La confiscation en nature du produit de l’infraction échappe à l’obligation de motivation
En droit pénal, le juge doit en principe motiver toute peine prononcée en tenant compte des circonstances de l’infraction, de la personnalité de l’auteur et de sa situation matérielle. Cependant, la chambre criminelle de la Cour de cassation vient de restreindre cette obligation concernant les confiscations, par un arrêt du 18 février 2026.
1. L’interprétation de la Cour de cassation
La loi n° 2024-582 du 24 juin 2024 avait modifié les textes relatifs aux confiscations.
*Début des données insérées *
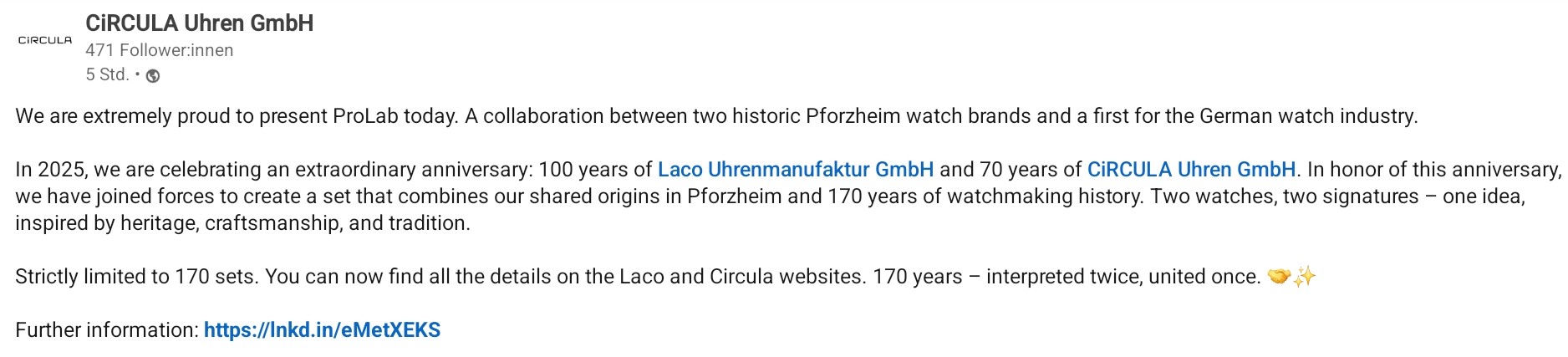 • Eine gemeinsame Heimatstadt, 170 Jahre Uhrengeschichte und eine Zusammenarbeit, geprägt von Herkunft, Handwerkskunst und Tradition. ProLab - gemeinsam entwickelt mit CiRCULA Uhren GmbH und auf 170… | Laco Uhrenmanufaktur GmbH

L’article 485-1 du code de procédure pénale dispensait expressément de motivation « la confiscation en valeur du produit ou de l’objet de l’infraction ». Les textes restaient toutefois silencieux sur la confiscation en nature pour les faits antérieurs à la réforme.
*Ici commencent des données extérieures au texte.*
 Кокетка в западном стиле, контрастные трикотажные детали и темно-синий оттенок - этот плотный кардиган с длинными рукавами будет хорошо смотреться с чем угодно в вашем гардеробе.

Malgré cette absence de disposition légale claire, la Cour de cassation adopte une interprétation extensive. Elle considère que le juge qui prononce une peine de confiscation en nature du produit de l’infraction n’a pas à motiver sa décision. Les hauts magistrats s’appuient sur les travaux parlementaires pour déduire que l’intention du législateur justifie cette dispense.
2. L’intérêt pour la défense pénale
Cette décision durcit les conditions de défense face aux atteintes patrimoniales.
- Saisie facilitée : Les tribunaux correctionnels peuvent confisquer un bien (par exemple, un immeuble) identifié comme le produit de l’infraction sans avoir à justifier de la proportionnalité de cette mesure par rapport à la situation personnelle ou familiale du prévenu.
- Contrôle restreint : L’absence d’obligation de motivation limite les moyens de contestation devant la cour d’appel ou la Cour de cassation sur ce point précis.
Ainsi, l’avocat doit contester en amont la qualification même du bien. Il doit démontrer lors des débats que le bien visé ne constitue pas le produit direct ou indirect de l’infraction, pour éviter que la confiscation ne soit prononcée de manière automatique.